Kingsbury Run is the name that refers to an area on the southeast side of Cleveland, Ohio, located near the suburb of Shaker Heights. The area stretches westward through Kinsman Road. It contained a natural watershed that ran through East 79th Street and carried storm waters into the Cuyahoga River, draining them from the areas now known as Maple Heights and Warrensville Heights. Kingsbury Run was named after James Kingsbury (1767–1847), one of the earliest settlers in the Western Reserve, who became the first inhabitant of Newburgh in 1797. It is also the route through which the RTA Rapid Transit travels on its way to Public Square in downtown Cleveland.
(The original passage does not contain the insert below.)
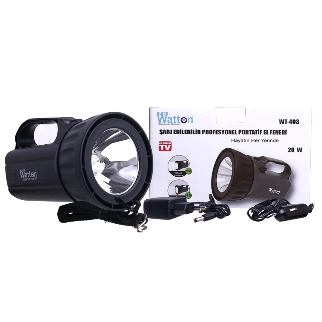 Marka nbsp nbsp nbsp nbsp nbsp nbsp nbsp nbsp nbsp nbsp nbsp nbspnbsp :BlackÜrün Kodu nbsp nbsp nbsp nbsp nbsp nbsp nbsp nbsp nbsp:Wt-403Boyutlar nbsp nbsp nbsp nbsp nbsp nbsp nbsp nbsp nbsp nbsp nbsp:22cm 13nbspcm 13 cmIşık Özelliği nbsp nbsp nbsp nbsp nbsp nbsp nbsp nbsp :Power Led 20 WnbspIşık Mesafesi nbsp nbsp nbsp nbsp nbsp nbsp nbsp :250nbsp- 350 nbspmt ( 1,000 Lümen )Işık Rengi nbsp nbsp nbsp nbsp nbsp nbsp nbsp nbsp nbsp nbsp: GüçlünbspnbspBeyazÇalışma Süresi nbsp nbsp nbsp nbsp nbsp :3,5- 6nbspnbsp SaatGövde Malzemesi nbsp nbsp nbsp:Sert PlastikKullanım Şekli nbsp nbsp nbsp nbsp nbsp nbsp:2nbsp modda Aydınlatma Orta,Yüksek,Kullanım Özellikleri nbsp :Elde ve Düz Zemine Sabitlenerek,nbspTeknik Özellikleri nbsp nbsp nbsp :Şarj Edilebilir Akü 220/240 Watt 50/60 Hz ( 4 V .3nbspAH )nbspKutu İçeriği nbsp nbsp nbsp nbsp nbsp nbsp nbsp nbsp :Ürün, Araç Çakmaklığı , Taşıma Askısı ,Şarj AdaptörüAmpül Ömrü nbsp nbsp nbsp nbsp nbsp nbsp nbsp:100.000 SaattirKullanım Yeri nbsp nbsp nbsp nbsp nbsp nbsp :Av, Kamp,Ev, Okul, Araba, Otel, RestorantTasarruflu Enerji Harcama ÖzelliğiÖnemli Uyarılar nbsp nbsp nbsp nbsp:Direk Göz İle Temas Ettirmeyinizİlk Kullanımdan Önce 12-18nbspsaat Şarj Ediniz.Şarj Edilebilir Profesyonel Portatif EL Feneri nbspWt-403 Kullanım KılavuzuÜrün Özellikleri1- nbsp nbspBu nbspÜründe Uzun nbspÖmürlü nbspAsidli Akü Kullanılmıştır .nbspYüksek Kapasiteli Uzun Ömürlü Kaliteli Plastik Malzeme Ürünümüzde Kullanılmıştır Ürünümüz Kalitelidir2- nbsp nbspButona Basınız nbspAç/Kapa Düğmesi İle Orta ve Yüksek Işık Elde Edebilirsiniz3- nbsp nbspReflektör Kupa Işığı Yüksek Güvenilir Uzak Mesafe Işığın Yansıtabilir. 500-600 Metrelik Mesafeyi Yakalar .nbsp4- nbsp nbspÜründe Kemer Kayışı Mevcut Olup Taşıma Kayışı İle Çok Rahat TaşıyabilirsinizKullanım Direktiflerinbsp1 – Ürünü Şarj Ettiğiniz Zaman Off Konumuna Yani Kapalı Konumuna nbspGetiriniznbsp2 – AC220-240V /50-60 Hz Güç Kablosunu Prize Takınız. Ve 12 Saat Tam Şarj Ediniz3- Ürünü İlk Kullanımdan Önce nbsp12-18 Saat Arası Şarj Ediniznbsp4-Akü: 4V . 5,5 AHnbsp5 - Boyutlar : 22 cm 13 cm 13 cm6-12v Oto Şarj KablosuUyarılar 1- nbsp nbspÜrünün Uzun Ömürlü Olmasını İstiyorsanız Lütfen Ürünü Zamanında Şarj Ediniz.nbspAksi Taktirde Ürüne Zarar Vermiş Olup Pil Ömrünü Azaltmış Olursunuznbsp2- nbsp nbspÜrünü Normal Zamanda Ve Şarj Ederken Sıcaklık Önünde kalorifer nbspveya Yakın Yerlerde Şarj Etmeyiniz3- nbsp nbspLed Lambaları Güçlü Olduğu İçin Lütfen Göz İle Direk Temas Ettirmeyiniz.nbspAksi Taktirde Göze Zarar Vermiş Olursunuz4- nbsp nbspEn Fazla Şarj Süresi 20 Saatir Lütfen 20 Saatten Fazla Ürünü Şarj Etmeyiniz5- nbsp nbspEğer Ürünü Uzun Zaman Kullanamayacaksanız Lütfen 1 Ayda Bir Mutlaka Ürünü Şarj Ediniz6- nbsp nbspLütfen Kullanma Kılavuzunu Okuduktan Sonra Ürünü Kullanınız,nbspÜrün Arızalandığı Zaman Kendiniz Tamir Etmeye Çalışmayınız En Yakın Yetkili Servise Tamire GötürünüznbspAksi Taktirde Ürüne Ve Kendinize Zarar Vermiş Olursunuznbsp ŞARJ EDİLEBİLİR PROFESYONEL PORTATİF EL FENERİWT-403Portatif el fenerleri , yüksek ışık veren lambalardır. Doğa şartlarının sert olduğu noktalarda büyük el fenerleri kullanılır. Yağmur, rüzgâr gibi stadyum şartlarında fenernbspkullanımı yaygındır. Bunun yanında yüksek sıcaklıklara dayanabilen yapıları vardır. büyük el fenerleri çevreye uyumlu bir yapısı bulunuyor. Özellikle zorlu çevre ve hava koşulları için tasarlanmış fener bu konuda oldukça gelişmiş bir yapıya sahiptir. Özellikle aşırı rüzgârlı, karlı ve yağmurlu hava şartları için seçilmiş kaftandır. Bahçe, park, stadyum, halı sahalar, organizasyonlar gibi birçok noktada büyük el fenerlerinbspaydınlatma sistemleri kullanılır. Bu aydınlatma sisteminin özellikleri neticesinde kullanım alanı oldukça yaygınlaştı.Portatif el fenerlerinbspaydınlatmaları bahçe gibi ortamlarda kullanıldığı zaman daha uzun süreli dayanıklılık gösteriyor. Daha çok büyük bahçelerin aydınlatılmasında kullanılan bu sistem, oldukça avantajlı olur. Çünkü bu aydınlatma mamulü oldukça yeterli ışık sağlar ve bunu düşük enerji kullanımı ile yapıyor. Bahçe ve sahalarda, köprü ve köprü altı tünellerde, spor sahaları, halı saha ve stadyumlarda, liman, tren istasyonu ve otobüs terminallerinde, askeri tip arazi aydınlatmalarında ve daha sayısız alanda kullanılmaktadır. Orta ve Yüksek olmak üzere 2 modda çalışmaktadır. Oto şarj cihazı ve taşıma askısı ile kolaylıkla kullanabilirsiniz.Ana ÖzelliklerBoyutu 22cm 13cm 13cm'dir. Şarj edilebilir Akü 220/240 Watt 50/60 Hz (4V.3AH) ile şarj edilir. Ampul ömrü 100.000 saattir. Tasarruflu enerji harcama özelliği ile uzun süre kullanabilirsiniz. İlk kullanımdan önce 12-18 saat şarj ediniz.. Ürün Markası: Lisinya

Kingsbury Run became notorious in the mid-1930s when an unidentified serial killer, the Cleveland Torso Murderer, used the area as a dumping ground for the dismembered remains of some of their first victims. In 1938, Eliot Ness directed police to raid the area. They evicted 300 individuals from the area and burned down approximately 100 shanty homes in a desperate attempt to weed out the killer.

==Sidaway Bridge==

Between Sidaway Avenue and East 65th Street the Kingsbury Run ravine is spanned by the Sidaway Bridge, Cleveland's first and only suspension span, a footbridge which connects the Jackowo and Kinsman Road neighborhoods. Due to damage caused during the Hough riots, the bridge was closed in 1966 and remains inaccessible. Continued closure of the bridge influenced Frank J. Battisti's ruling in the case Robert Anthony Reed III v. Rhodes regarding desegregation in the Cleveland schools.